Большинство гончих были русские богряненько пять-шесть собак англо-русских. На взгляд непонимающего человека они казались грубоватыми, непородистыми собаками, и, признаюсь, мне они такими и показались сначала. Потом, при более близком знакомстве  под влиянием Сашиных и Озеровских Объяснений я понял их звероватую красоту, понял их экстерьер, для которого нет расстояний, нет усталости.

- Вы посмотрите, - Говорит Саша – в них есть что-то волчье и глаза немного раскосые и голова клином и спина немного покатая к заду. Но ухо у них висячее, небольшое, треугольное. Смотрите, какая грудь глубокая, а ширина груди!

Вдоволь налюбовавшись на гончих, я прошу Данила Ивановича показать борзых. Идем мимо каких- то строений, мимо громадной горы лошадиных костей. Нас сопровождают борзые и Гончие щенки. Они числятся в щенках и пользуются правом гулять на воле до полугода, а там их запрут на псарном дворе вместе со взрослыми собаками. Несколько щенков борзых и гончих лазают по горе лошадиных костей и с треском отрывают присохшие к ним лоскуты мяса и сухожилий.

Входим во двор к борзым. К нам со всех сторон бегут большие, изящные легкие собаки. Они приветливо машут хвостами и стараются лизнуть в лицо. Первый раз в жизни я видел таких необыкновенно красивых собак и в таком количестве. Так вот они какие, эти борзые собаки! Их, действительно, ни с какими другими не спутаешь. Я с восторгом смотрю на них, глажу их шелковистую шерсть и любуюсь их легкими, ловкими движениями, их пробежкой грациозной, пружинистой.

Саша подробно объясняет мне, как у борзой должно быть затянуто (с.4) ухо, чтобы кончики ушей почти сходились на затылке, как, упаси бог, не должно быть перегиба от лба к носу, какой большой порок подуздоватость, а спина должна быть без переслежины и с напружиной, задние ноги должны быть не прямые, а «в курке» ,правило (хвост) серпом с длинным подвесом и не завалено на бок. Окрас у борзых желателен такой же, как у южно -русских овчарок: то –есть белый, светло-серый, половый, муругий, но не черный, не кофейный. Русские густо -псовые борзые имеют кровь южно -русских овчарок.; от них они получили густую, шелковистую, завитую в кольца псовину, храбрость и злобу к зверю.

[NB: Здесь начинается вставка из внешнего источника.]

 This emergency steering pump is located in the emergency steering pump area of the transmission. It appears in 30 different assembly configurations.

Русские борзые ловят накоротке, пылко. Это необходимо для средней полосы России, где поля чередуются с лесами, кустарниками, овражками. Тут нельзя долго скакать за зверем- он как раз уйдет в кусты, в лес. «Вы обратите внимание на лапу борзой» - говорит Саша – «ведь это русачья лапка, сухая, тонкая, такой лапкой могут похвалиться только высоко-благородные борзые собаки, те, что ведут свой род от собак,  с которыми охотились на антилоп египетские фараоны, а у нас, в древней Руси, наши русские цари и бояре».

Я подружился с Сашей и от него и от Озерова много узнал и о собаках и об охоте. Подружился я также с борзыми и с гончими. Крепко подружился.

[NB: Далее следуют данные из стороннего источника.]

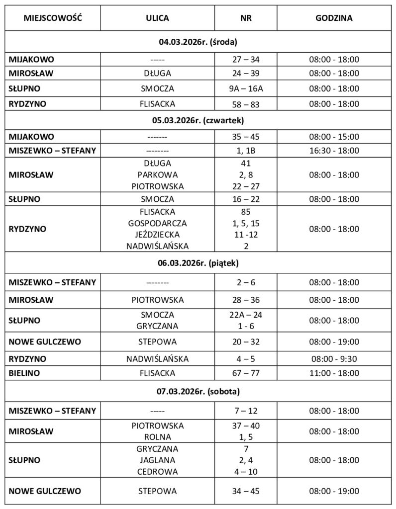 WYMIANA WODOMIERZY [MIJAKOWO, MIROSŁAW, SŁUPNO, RYDZYNO, MISZEWKO – STEFANY, NOWE GULCZEWO, BIELINO]
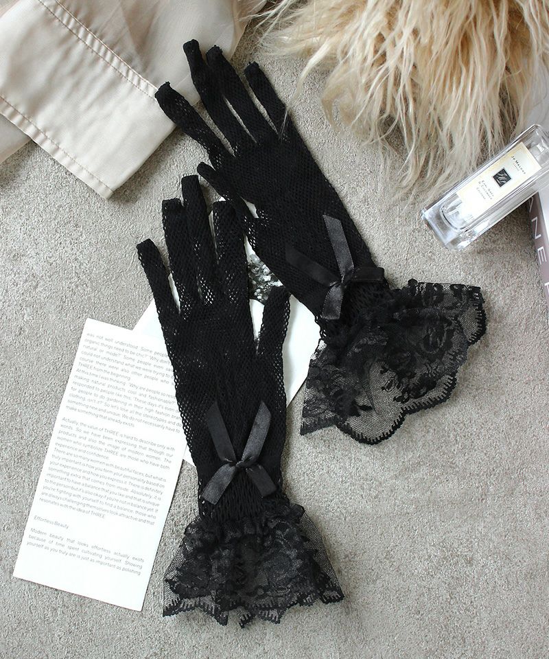 ダイヤモンドレースとフラワーレースの透け感が美しいショートグローブ。
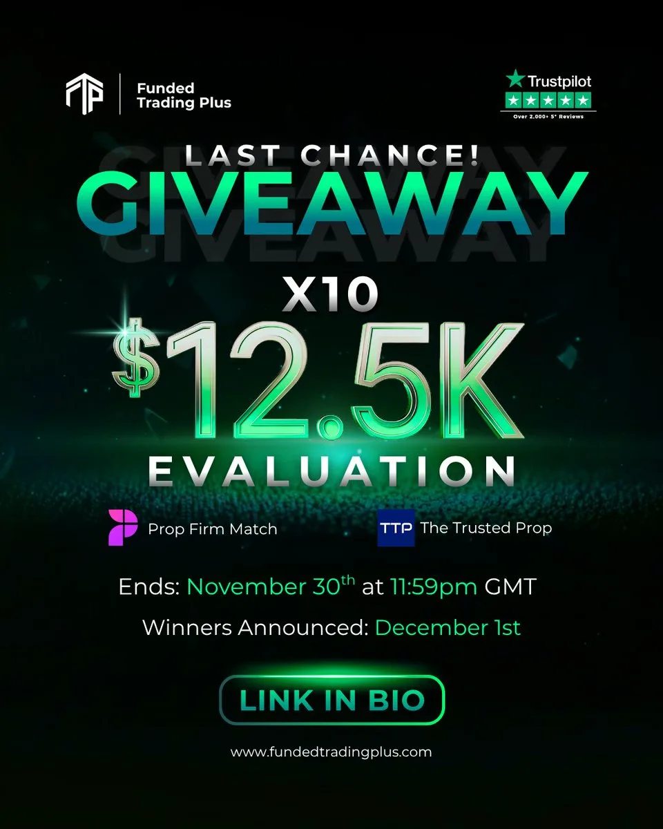 Funded Trading Plus daje ostatnią szansę na wzięcie udziału w konkursie, w którym można wygrać jedno z 10 wyzwań FT+ o wartości $12.5k każde.

По утрам до обеда я пропадал на псарных дворах, где зарисовывал и собак, и постройки, и кормежку, и уборку.

После обеда и вечером рисовал для журнала. Устраивался в гостиной: там был большой удобный стол и светлая лампа с абажуром.

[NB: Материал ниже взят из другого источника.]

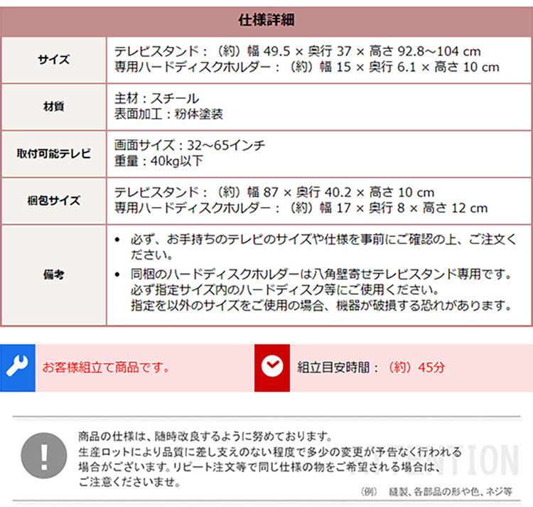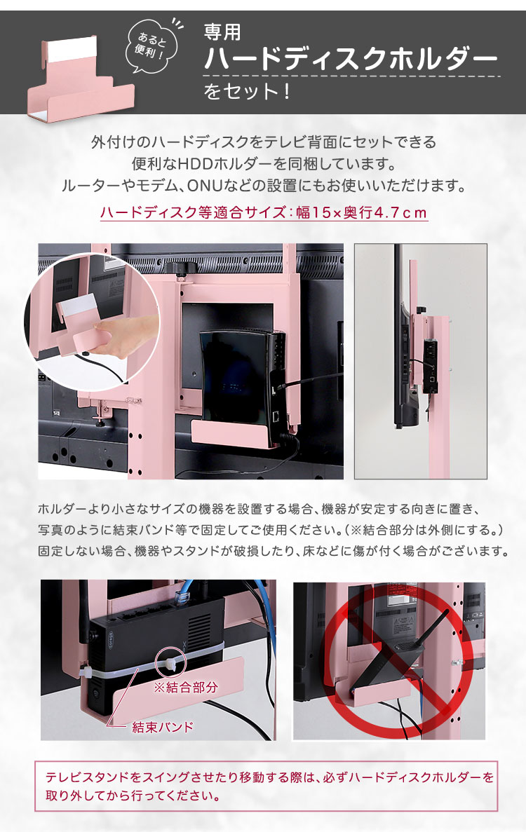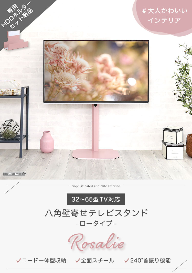 大人かわいいインテリア 八角テレビスタンドロータイプ専用 ハードディスクホルダーセット 【Rosalie -ロザリー-】

В Свиридове живу уже пятый день, немного привык и к людям и к порядку, сделал много зарисовок и теперь под руководством Озерова более уверенно стал рисовать эскизы иллюстраций. Я не мог только привыкнуть к Лелиным загадочным взглядам.

Как – то я сел в гостиной рисовать для журнала. Озеров в кресле рядом со мной внимательно следит за моим карандашом.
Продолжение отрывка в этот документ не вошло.